Previous to starting her career in children's books, Ellie Mathews spent many years in the field of graphic illustration working in a wide variety of areas, from developing computer software to creating maps for government and private agencies. In 2003, she refocused her creative talents on writing and published her first children's book, Ambassador to the Penguins: A Naturalist's Year aboard a Yankee Whaleship. A biographical title, the book chronicles the exploits of ornithologist Robert Cushman Murphy after he joined a whaling expedition to the Antarctic.
Mathews addresses a young-adult audience in her novel The Linden Tree. Set on a farm in Iowa in the late 1940s, The Linden Tree offers "a timeless, heartfelt story of family, loss, and love," according to Booklist reviewer Heather Booth. The story portrays the events that unfold after nine-year-old Katie Sue Hanson unexpectedly loses her mother to meningitis. With her older sister and brother, Katie Sue struggles emotionally, leading her father to ask his late wife's sister for help. Initially, Aunt Katherine's presence is welcoming for the grieving children, but as time progresses, Katie Sue begins to have mixed feelings for the woman taking her mother's place. Recommending The Linden Tree for teens who have also suffered the loss of a loved one, School Library Journal critic Christi Voth concluded that Mathews' "honest account of a family's journey of grieving and healing is well portrayed." Several critics favorably noted the book's well-drawn characters, Kliatt contributor Marissa Elliott finding Katie Sue "believable and honest, lovable even in her anger."
In addition to her efforts in literature and illustration, Mathews has also demonstrated her creative ability in the kitchen, winning the top prize in the 1998 Pillsbury Bake-Off and taking home one million dollars for her recipe. Although she had entered cooking contests before, the author admitted to Minneapolis Star Tribune contributor Lee Svitak Dean that she entered her recipe for Salsa Couscous Chicken on a whim, having prepared the dish only twice before. Ten years after the contest, Mathews reflected on this competitive cooking experience with The Ungarnished Truth: A Cooking Contest Memoir. In the book, the author recounts her brief appearances on national televisions shows along with her feelings about becoming a grandmother just days after her victory. Mathews also reflects on her life after winning such a notable prize, telling Kristen
Browning-Blas in the Denver Post, "We all see plenty of media moments where people win huge money prizes like mine, people struck with extraordinary good luck the way I was." However, the author observed, the media offers little information about what happens to those individuals after their brief moment of fame. By publishing The Ungarnished Truth, Mathews told Browning-Blas she attempted to put her win into the "context" of her life. "Over the years, people have been as interested—if not more interested—in what it all meant to me, whether the experience changed me, than in how I dreamed up a chicken recipe." Writing in Kirkus Reviews, a critic suggested that fans of television cooking shows "will eat up Mathews's pleasantly fluffy tale of culinary triumph."

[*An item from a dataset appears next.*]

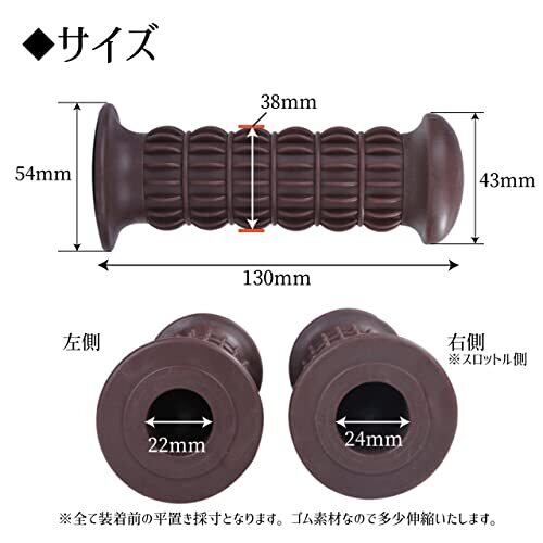 商品内容:バイク用ラバーグリップ左右セット カラー:モスグリーン サイズ:左用内径22mm 右用内径24mm 内側直径54mm 全長13cm グリップ外径38mm カラー展開:ブラック/モスグリーン/ブラウン 非貫通タイプのラバーグリップ。滑りにくくしっかりとした握り心地の汎用タイプグリップ。 ご使用予定バイクのハンドル形状、サイズをご確認の上お求めください。

Biographical and Critical Sources
Booklist, May 1, 2007, Heather Booth, review of The Linden Tree, p. 92.
Denver Post, April 16, 2008, Kristen Browning-Blas, "Her Award Was Just the First Chapter," p. D1.

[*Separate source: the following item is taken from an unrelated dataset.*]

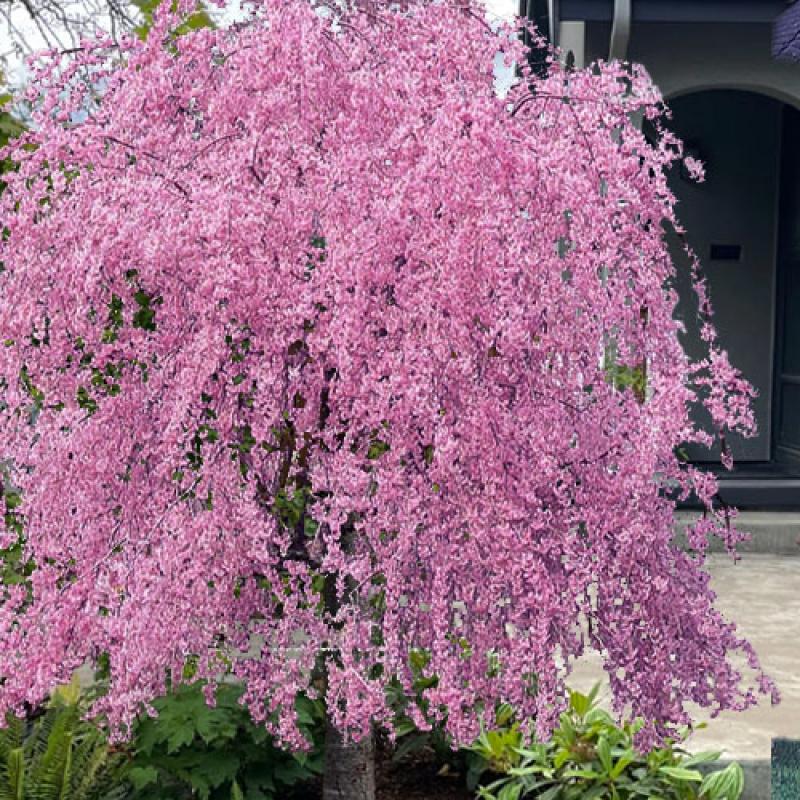A graceful ornamental cherry with a dramatic weeping form, perfect as a specimen tree in the landscape. In spring, branches are draped in masses of vibrant pink blooms, creating a waterfall of color. Its elegant shape and long-lasting flowers make it a focal point in gardens and entryways.

Kirkus Reviews, May 1, 2007, review of The Linden Tree; December 15, 2007, review of The Ungarnished Truth: A Cooking Contest Memoir.

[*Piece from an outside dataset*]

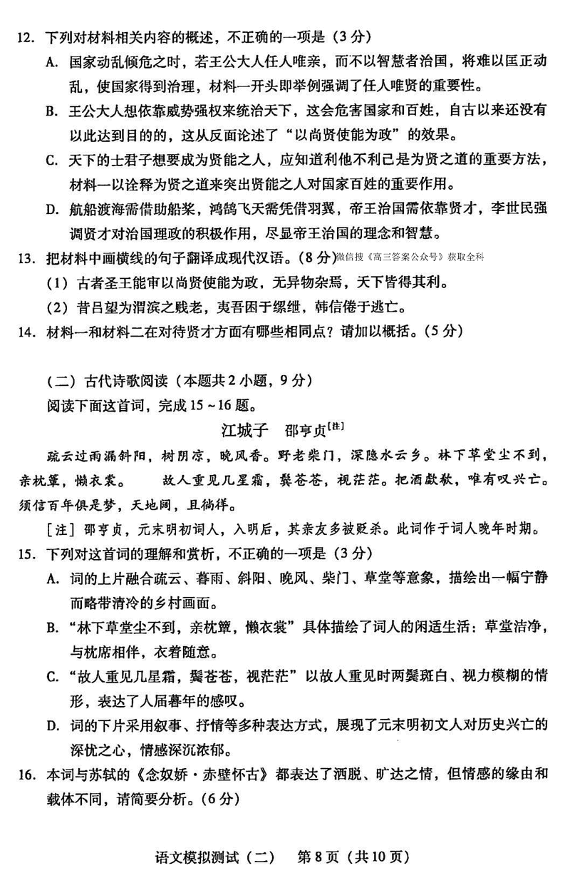 广东二模2025年高考统一考试模拟测试(二)语文考试已于近日开考,为方便考生考后及时查看考试情况,查漏补缺、弥补不足,本文整理了试题答案解析相关信息!

Kliatt, May, 2007, Janis Flint-Ferguson, review of The Linden Tree, p. 16; November, 2007, Marissa Elliott, review of The Linden Tree, p. 19.
Publishers Weekly, January 14, 2008, review of The Ungarnished Truth, p. 50.
School Library Journal, September, 2007, Christi Voth, review of The Linden Tree, p. 204.
Seattle Times, April 9, 2008, Karen Gaudette, "A Memoir in Getting Lucky with Holy Grail of Cook-Offs" (interview with Mathews), p. C1.
Star Tribune (Minneapolis, MN), April 10, 2008, Lee Svitak Dean, "Go behind the Bake-off Scene," p. 8T.